American artist (born 1946)

Robert Shetterly (born 1946) is an American artist, best known for his portrait series, "Americans Who Tell the Truth".

==Americans Who Tell the Truth==

The project begun in response to U.S. government actions following the September 11, 2001 attacks on the World Trade Center towers in New York City. Shetterly undertook the project as a way to deal with his own grief and anger by painting Americans who inspired him. He initially intended to paint only 50 portraits, but by 2022 more than 260 portraits were included in the series. Portions of the series tour widely across the United States, being shown in schools, museums, libraries, galleries and other public spaces.

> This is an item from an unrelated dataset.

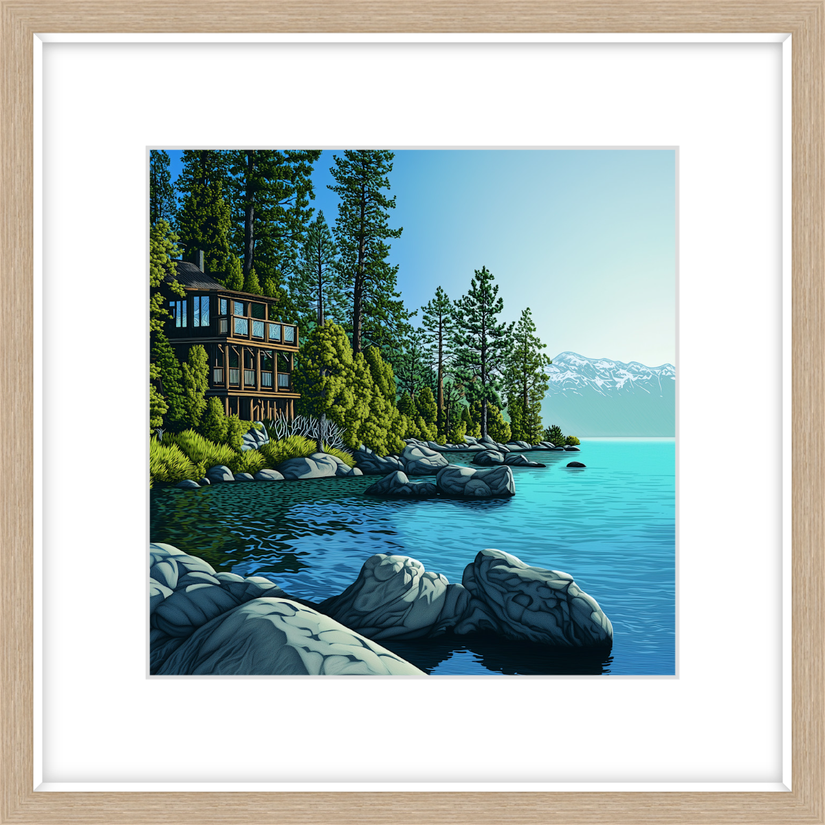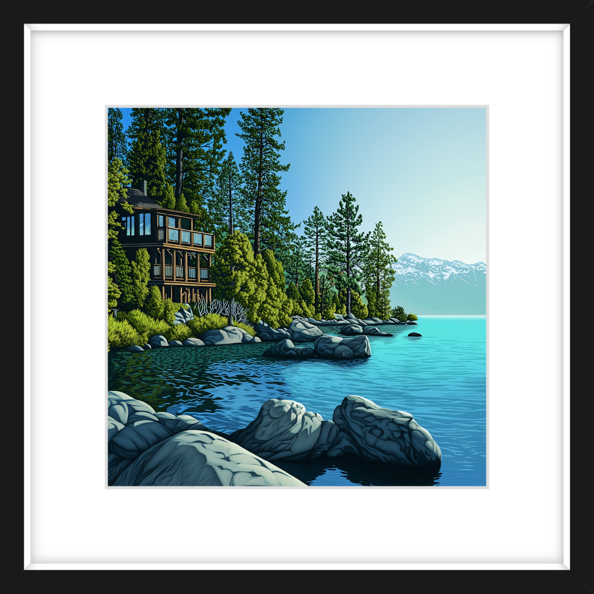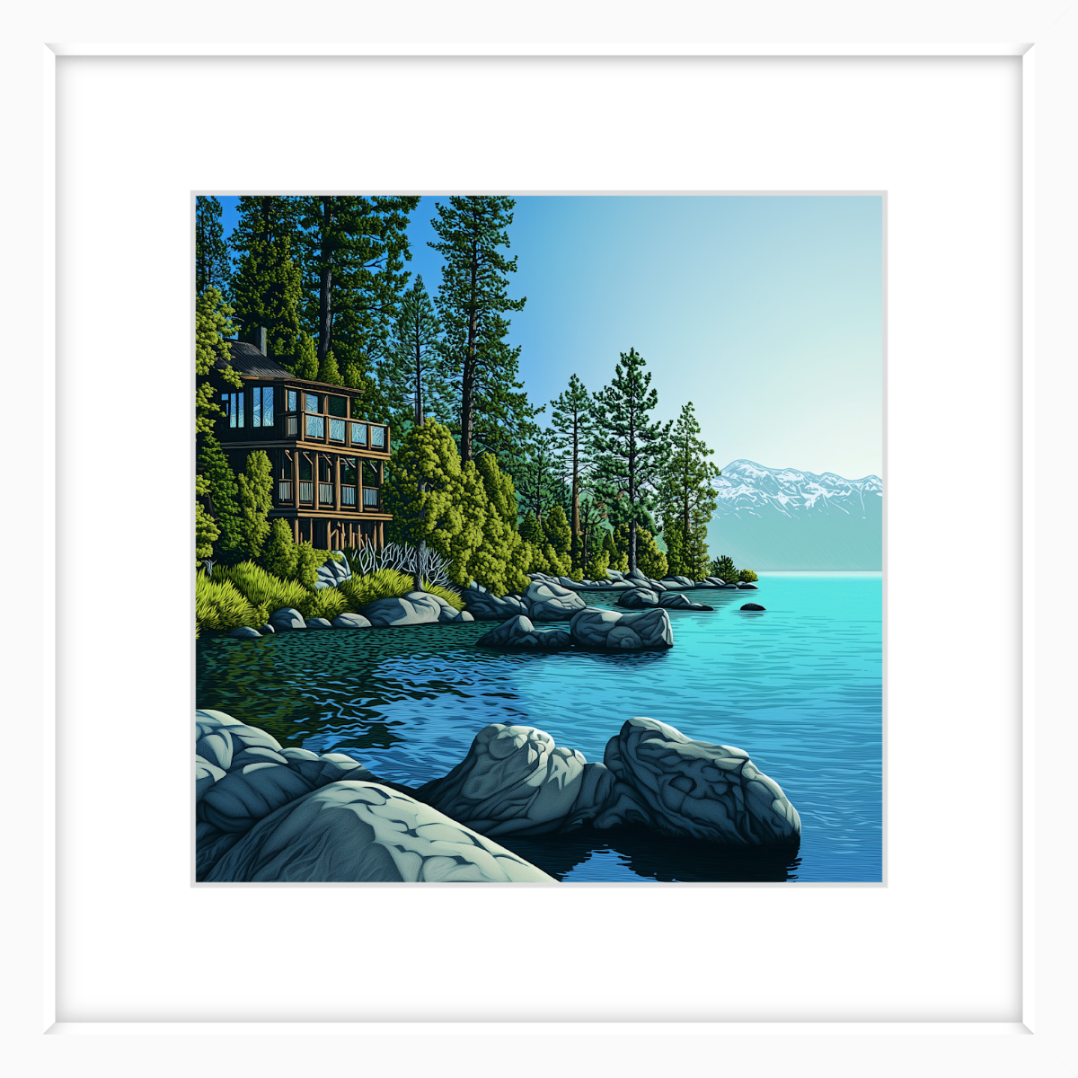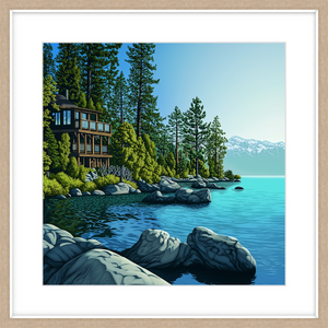 This art print of a Lake Tahoe lakehouse is available as a 250x250mm art print, 400x400mm art print, 600x600mm art print and 800x800mm art print. You may also choose to take the hassle out of framing and order it framed, in either black, white or natural.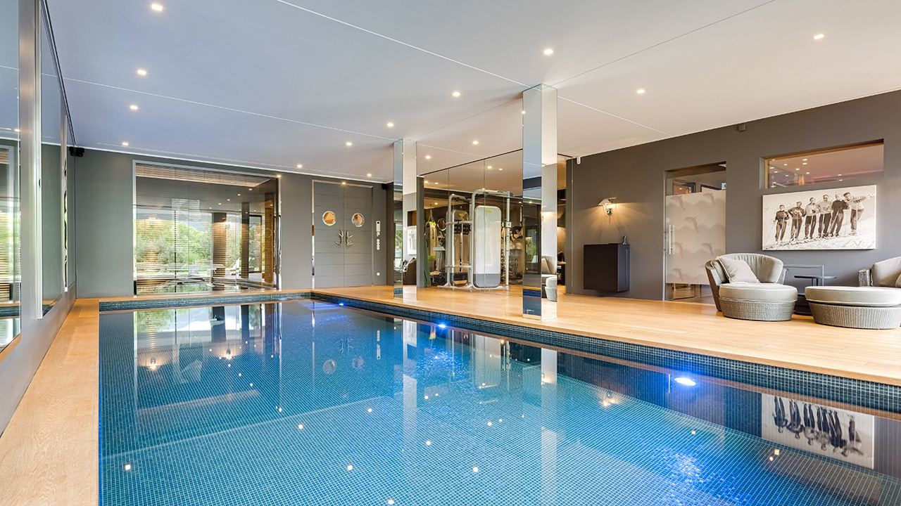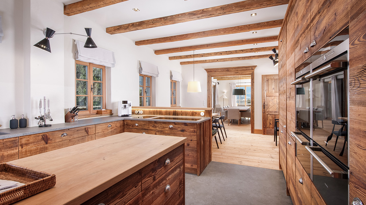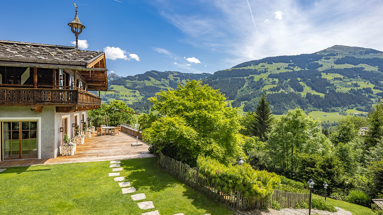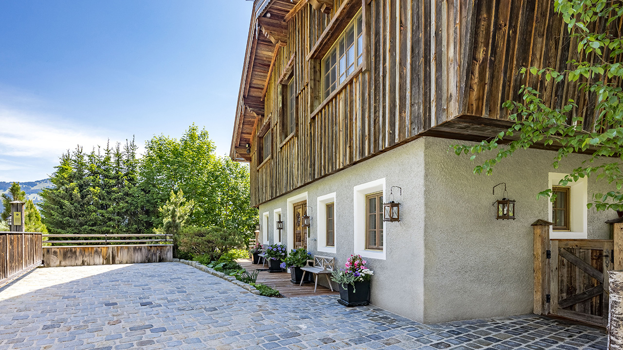 In one of the most beautiful locations in the Kitzbühel region in the village of Jochberg, this unparalleled estate offers far-reaching, un-obstructed views. The chalet is surrounded by high alpine pastures and sumptuous nature, it radiates cosiness through generous use of old, refurbished wood. In just a few minutes by car, you are in Kitzbühel’s centre and at the Eichenheim golf course. The chalet is constructed in traditional style, boasts both a main house and a guest house. The interior is dominated by high ceilings and rooms flooded with light due to grand windows, elegant corridor floors, premium-furnished bathrooms and tasteful use of old, refurbished wood. The ground floor impresses with its spacious living/dining area and a high-quality kitchen of old wood. From both the living room with its open fireplace and the large terrace, one can enjoy stunning views. A wardrobe and library round out the offerings on this floor in the main house. The cosy attic houses four bedrooms with bathrooms and dressing areas. The guest house features a living, kitchen, and dining area with terrace, as well as a generous bedroom on the upper floor. The well-being area includes an indoor and outdoor pool, sauna, fitness studio, quiet zone and massage room on the garden floor. The house has an underground garage with six parking spaces.

A book titled Americans Who Tell the Truth, written and illustrated by Shetterly, was published by Dutton Children's Books in 2005. It was reviewed favorably by Kirkus. It won the International Reading Association's Intermediate—Nonfiction award for 2006, and the nonprofit Children's Book Council listed it among the "2006 Notable Social Studies Trade Books for Young People," saying it is "sure to inspire debate and further research.".

==Personal life==
Shetterly lives with his partner, Gail Page, in Brooksville, Maine.

==Publications==
- Portraits of Racial Justice: Americans Who Tell the Truth, New York, NY; New Village Press, 2021.
- Portraits of Earth Justice: Americans Who Tell the Truth, New York, NY; New Village Press, 2022.
- Portraits of Peacemakers: Americans Who Tell the Truth, New York, NY; New Village Press, 2024.